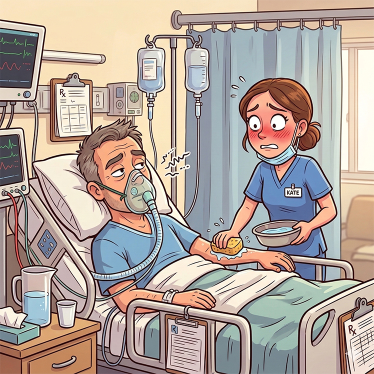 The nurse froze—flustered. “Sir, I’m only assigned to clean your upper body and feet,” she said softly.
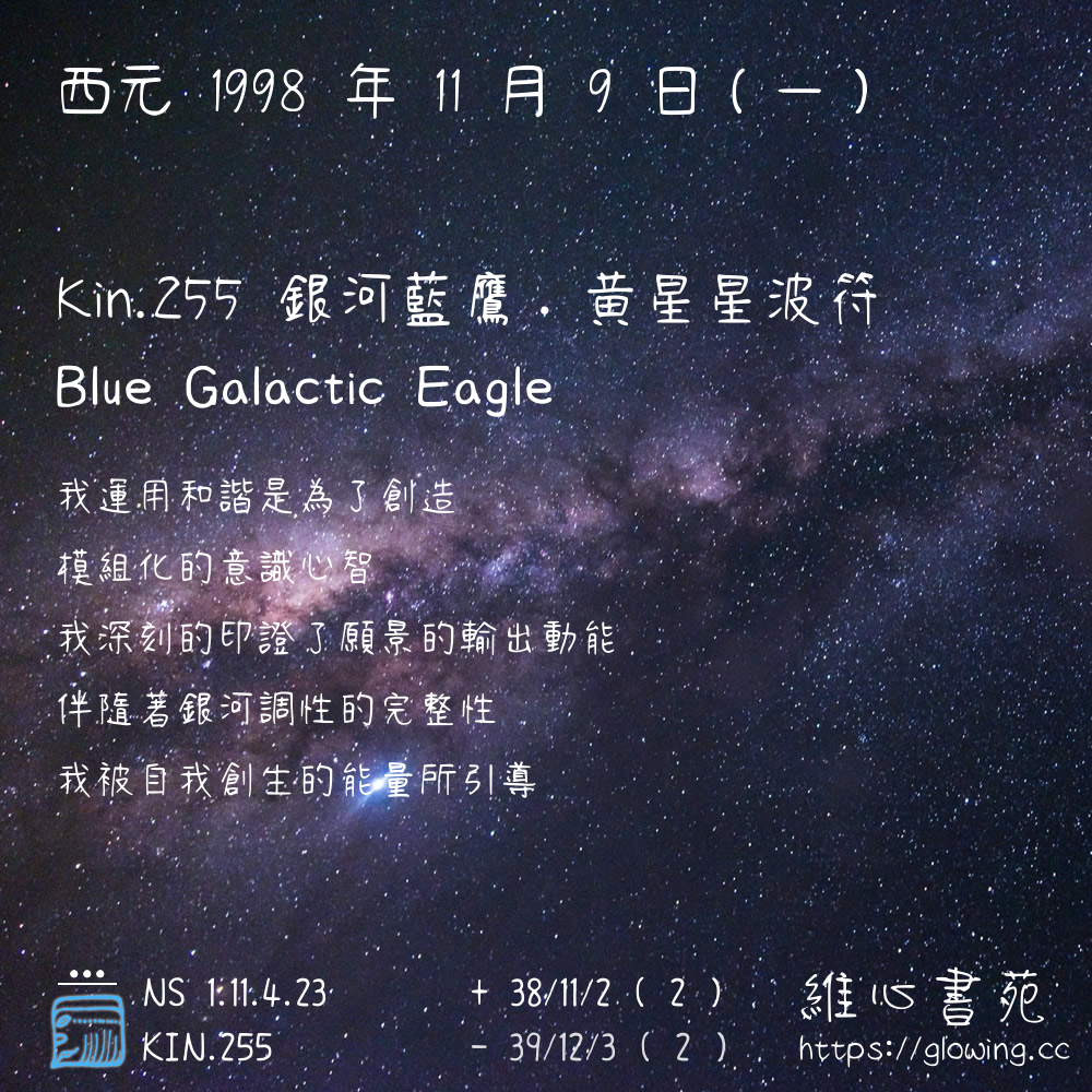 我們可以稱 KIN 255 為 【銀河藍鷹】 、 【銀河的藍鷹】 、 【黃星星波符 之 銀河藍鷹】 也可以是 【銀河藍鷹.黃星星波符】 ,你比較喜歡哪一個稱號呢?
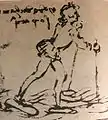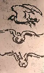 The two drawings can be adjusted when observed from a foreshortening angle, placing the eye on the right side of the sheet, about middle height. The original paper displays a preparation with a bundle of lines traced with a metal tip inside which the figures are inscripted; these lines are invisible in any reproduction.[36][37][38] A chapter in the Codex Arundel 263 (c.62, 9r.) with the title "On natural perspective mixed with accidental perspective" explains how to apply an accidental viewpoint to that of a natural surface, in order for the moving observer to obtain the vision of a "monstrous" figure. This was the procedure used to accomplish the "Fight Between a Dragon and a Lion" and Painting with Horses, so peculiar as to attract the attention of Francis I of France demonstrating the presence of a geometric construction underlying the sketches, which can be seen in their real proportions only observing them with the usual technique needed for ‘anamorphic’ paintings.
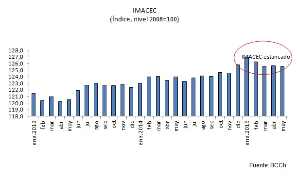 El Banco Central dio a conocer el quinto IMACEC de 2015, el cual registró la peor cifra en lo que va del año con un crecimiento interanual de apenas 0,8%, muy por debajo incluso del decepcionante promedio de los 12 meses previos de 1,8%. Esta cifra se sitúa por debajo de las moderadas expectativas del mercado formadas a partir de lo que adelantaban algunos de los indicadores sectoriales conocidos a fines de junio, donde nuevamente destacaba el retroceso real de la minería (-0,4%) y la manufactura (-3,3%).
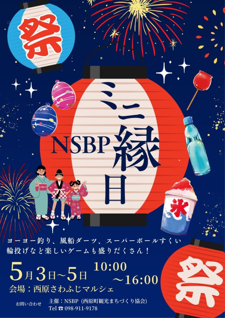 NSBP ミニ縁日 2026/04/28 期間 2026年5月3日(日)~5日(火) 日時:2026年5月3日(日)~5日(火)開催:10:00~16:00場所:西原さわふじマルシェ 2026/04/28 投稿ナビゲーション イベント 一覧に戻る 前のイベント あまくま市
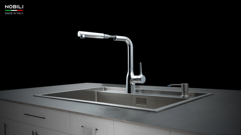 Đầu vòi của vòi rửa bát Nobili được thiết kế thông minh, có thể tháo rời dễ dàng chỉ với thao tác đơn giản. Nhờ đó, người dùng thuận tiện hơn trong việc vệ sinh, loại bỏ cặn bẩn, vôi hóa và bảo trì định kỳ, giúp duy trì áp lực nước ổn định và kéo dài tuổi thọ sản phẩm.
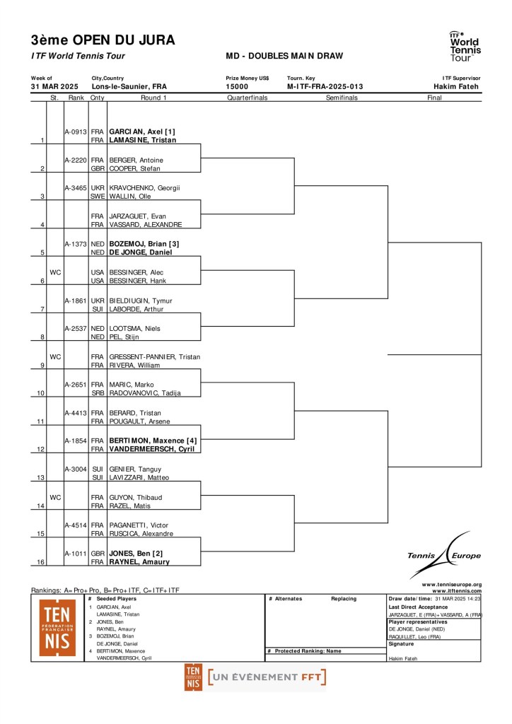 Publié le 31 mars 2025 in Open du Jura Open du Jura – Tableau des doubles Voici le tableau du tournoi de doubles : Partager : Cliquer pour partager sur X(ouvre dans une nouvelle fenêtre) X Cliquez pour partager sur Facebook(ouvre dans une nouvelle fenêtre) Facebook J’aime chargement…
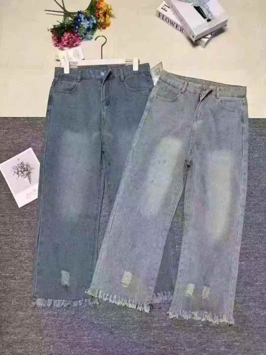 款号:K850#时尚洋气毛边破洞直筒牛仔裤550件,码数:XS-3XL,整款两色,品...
...
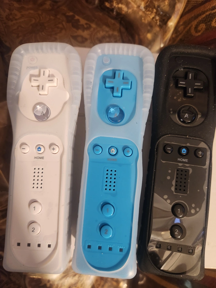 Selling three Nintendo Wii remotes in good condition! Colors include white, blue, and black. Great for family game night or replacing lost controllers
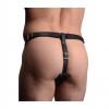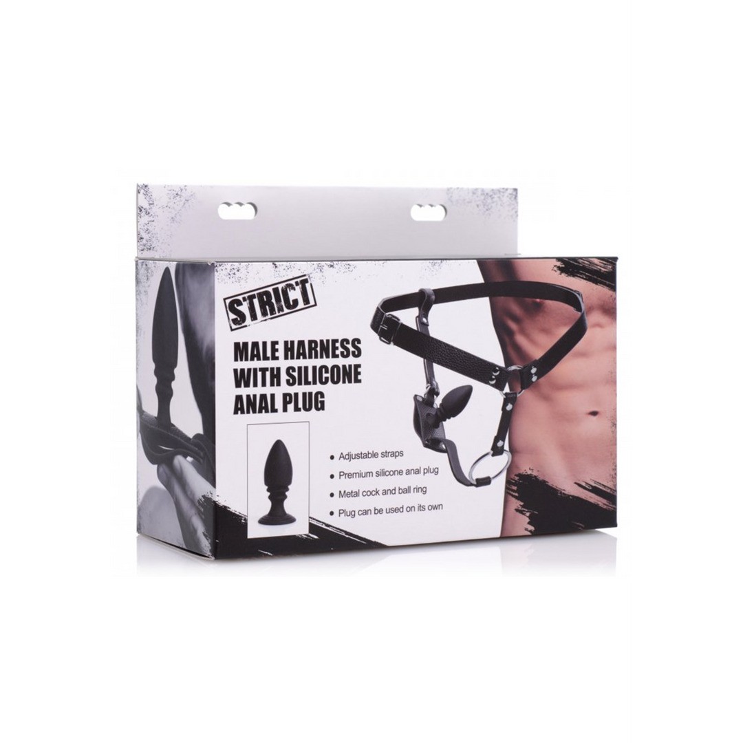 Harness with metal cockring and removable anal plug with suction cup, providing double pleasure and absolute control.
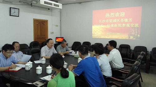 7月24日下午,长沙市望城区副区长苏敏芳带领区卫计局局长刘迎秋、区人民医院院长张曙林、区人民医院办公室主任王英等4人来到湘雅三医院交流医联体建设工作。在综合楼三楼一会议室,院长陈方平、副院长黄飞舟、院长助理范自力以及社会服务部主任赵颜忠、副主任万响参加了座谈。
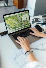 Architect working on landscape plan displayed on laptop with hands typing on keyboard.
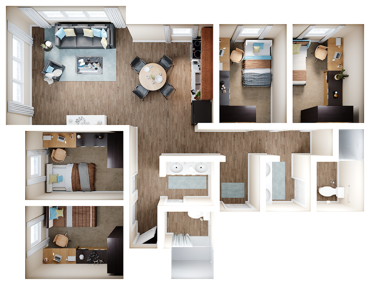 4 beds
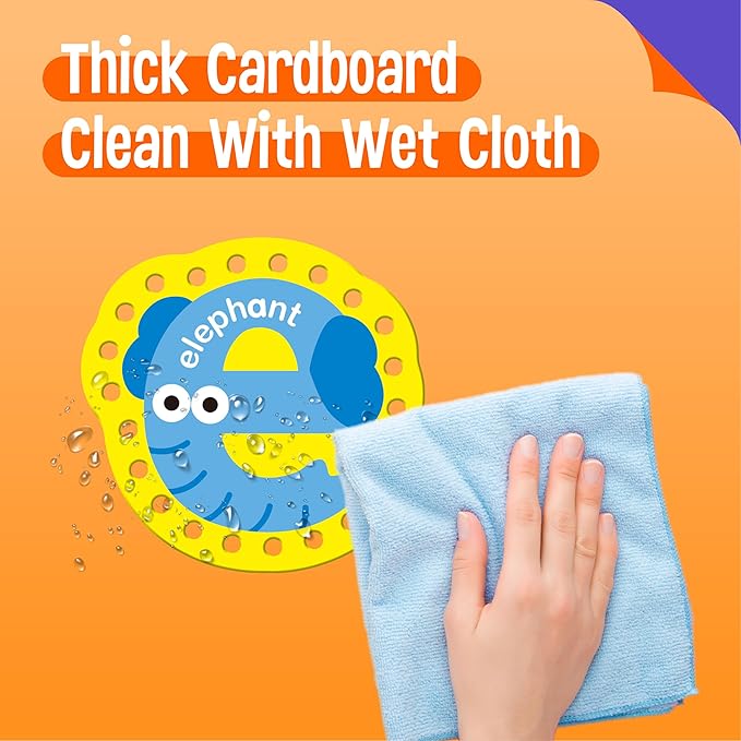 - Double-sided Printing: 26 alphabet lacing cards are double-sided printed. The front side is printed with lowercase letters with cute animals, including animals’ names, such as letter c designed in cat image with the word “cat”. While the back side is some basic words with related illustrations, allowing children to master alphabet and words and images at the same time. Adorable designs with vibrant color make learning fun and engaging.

● WORK ITEM: Copy exactly the material above from the line with "The nurse froze—flustered." to the line with "我們可以稱 KIN 255", ends included, and nothing else. Leave out any picture.

● RESPONSE TO THIS EXERCISE:
 The nurse froze—flustered. “Sir, I’m only assigned to clean your upper body and feet,” she said softly.
 我們可以稱 KIN 255 為 【銀河藍鷹】 、 【銀河的藍鷹】 、 【黃星星波符 之 銀河藍鷹】 也可以是 【銀河藍鷹.黃星星波符】 ,你比較喜歡哪一個稱號呢?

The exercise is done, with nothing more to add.